Ponta Delgada
Our time in the Azores flew past rapidly, and we seemed to manage to be constantly doing something but never actually that busy: I think we must have gone local! Any grand plans we harboured as we arrived of visiting other islands were put paid to by a fatal trio of factors: the aforementioned lackadaisical or “manyana” attitude we seemed to gain by some form of osmosis; the requirement to check out and check in again between each island; and finally the need to fix the few items that we had had trouble with on the outward leg. Consequently I’m not even going to try to write this day by day or in any particular order as I’m not sure I can quite remember now (a couple of days out to sea).
Firstly the boat: other than the obvious re-provisioning (always entertaining in a foreign country where your grasp of the language is limited) there were two pressing issues on our minds as we entered, both pertaining to rudders: firstly the snapped windvane servo pendulum rudder shaft, solved by taking the offending joining piece to someone at the yard at the club who knew who could weld it. Secondly and more worryingly was the main rudder, which was stiff and groaning when I had relieved the autopilot of its duties a couple of miles out from the finish. There followed many hours of taking it in turns to lower ourselves into the lazarette (locker at the stern of the boat that the rudder quadrant is mounted in) and poking around, spraying oil and listening carefully whilst the other person turned the wheel back and forth. Eventually we called it a day, heading off for dinner with a vague plan to contact the yard and an engineer first thing in the morning to see if we could get Dragon hauled out and the rudder dropped and main bearings replaced as this was where the sound had been traced to. Slightly dejected and with a place on the start line seeming to slip from our grasp we headed to bed.
Next morning Martyn got up and thought he would have a final play in the lazarette before we went around to the yard; once inside he found that the rubber sleeve that acts as a backup in the case of the main seal leaking and twists as the rudder turns had perished and broken up in a fold that we couldn’t see into and that the edge of the tear had been pulled down in between the rudder bearing and the shaft causing the stiffness and noise. some further poking and pulling it out with a screwdriver totally freed off the rudder. We cut off the remainder of the seal, replacing it with a piece of old wetsuit leg superglued around. Dragon was ready for the return leg!

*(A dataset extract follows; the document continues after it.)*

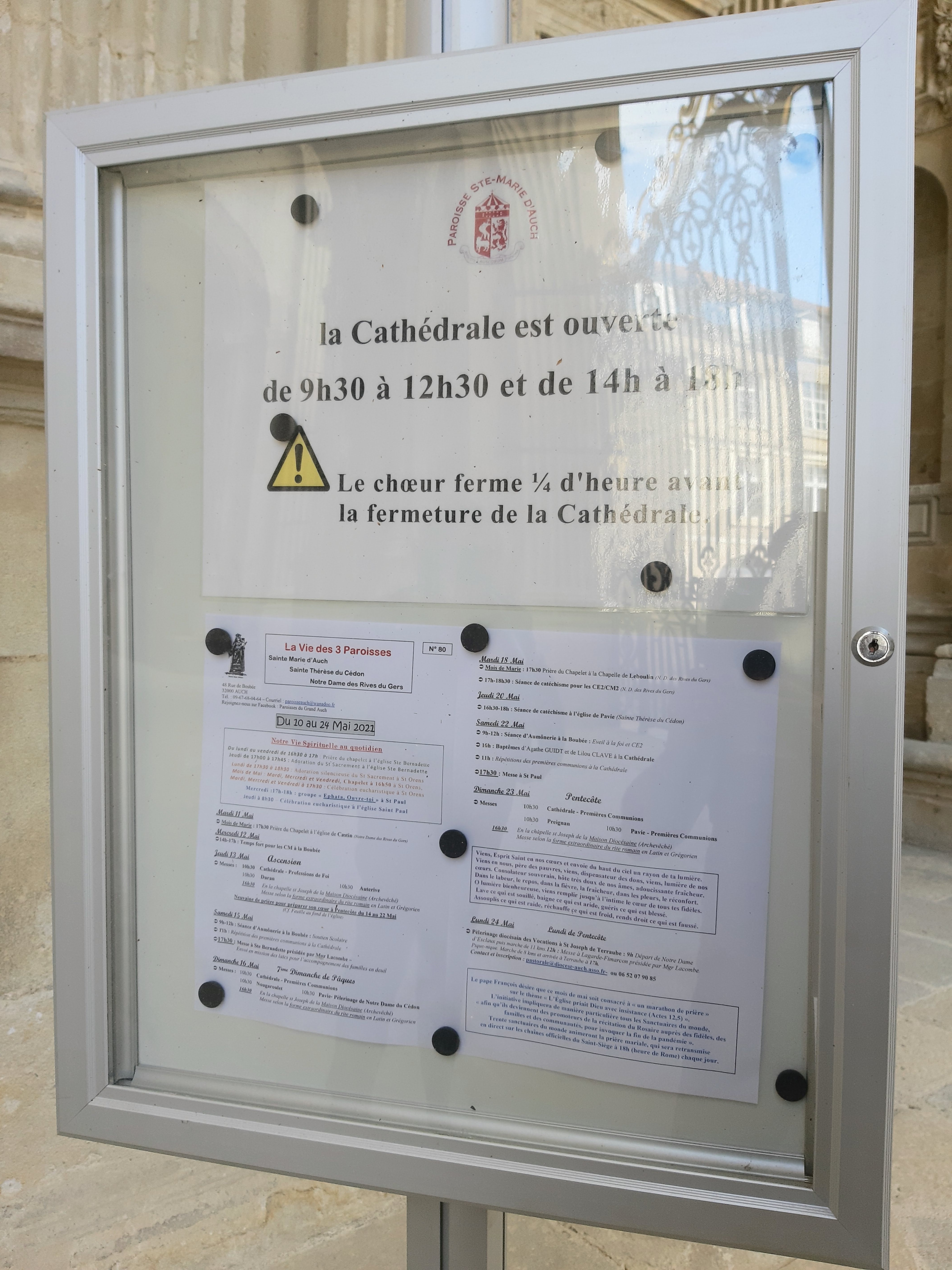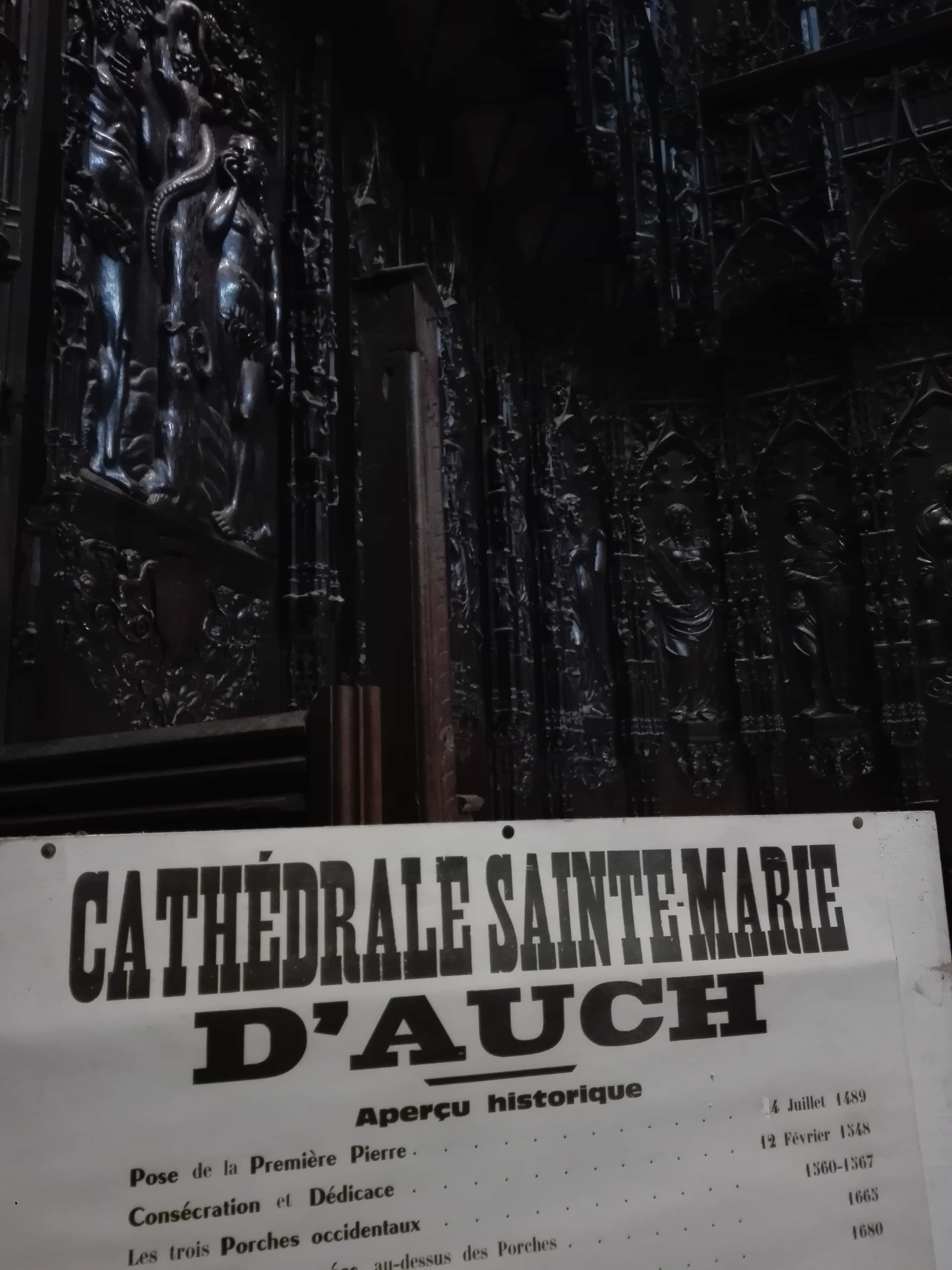 De passage à Auch pour une visite de la ville quelle ne fut pas notre déception de trouver la cathédrale fermée entre 12 et 14 heures, comme la plupart des boutiques de la ville. Incompréhension de cette décision pour ce lieu de recueillement et de prières nous espérons un jour revenir à Auch et trouver ces portes ouvertes.

With all the major jobs done onboard we left stocking up and refilling with water until closer to the start and went and hired a car to be picked up the following morning for two days to explore the island. Claire and Alan off Far Fetched from Guernsey joined us and we headed up to pick up the car at 9:30 the following morning as arranged, along with half the population of Ponta Delgada it appeared. Martyn went and queued and Claire, Alan and I waited outside for half an hour then gave up and went to a cafe for french pastries and coffee (hot chocolate for me). Eventually Martyn arrived with a set of keys and a slightly bemused look as when the one lady running the shop had finally got to him and the car that had turned up was rather different to the one we had expected: we had somehow acquired an automatic diesel Nissan 7 seater instead of the small runabout we had asked for; never mind, we had a car!
Once breakfast had been finished at a suitably leisurely pace we headed to where the hire shop had left the car parked on a steep hill and hopped in, whereupon we discovered that the car was the first automatic with a gearstick… but the key fitted and started so it had to be our car. Off we went!
Ten minutes later we were outside the main doors of the airport and not too sure how we got there, we had eventually found a large duel carriageway which we had naïvely assumed would lead us out of town, maybe if we tried the opposite direction? Here we were having safely navigated half way across the Atlantic to find a small speck on the chart (and maybe more worryingly expected to find our way back again) but couldn’t make it out of town! Eventually with Claire navigating by the rudimentary map on the tourist leaflet that immigration (three men in separate offices we spoke to who welcomed us warmly and with no hassle) had given us we found a road heading across the narrow and relatively low middle of the island to the centre of the northern coast.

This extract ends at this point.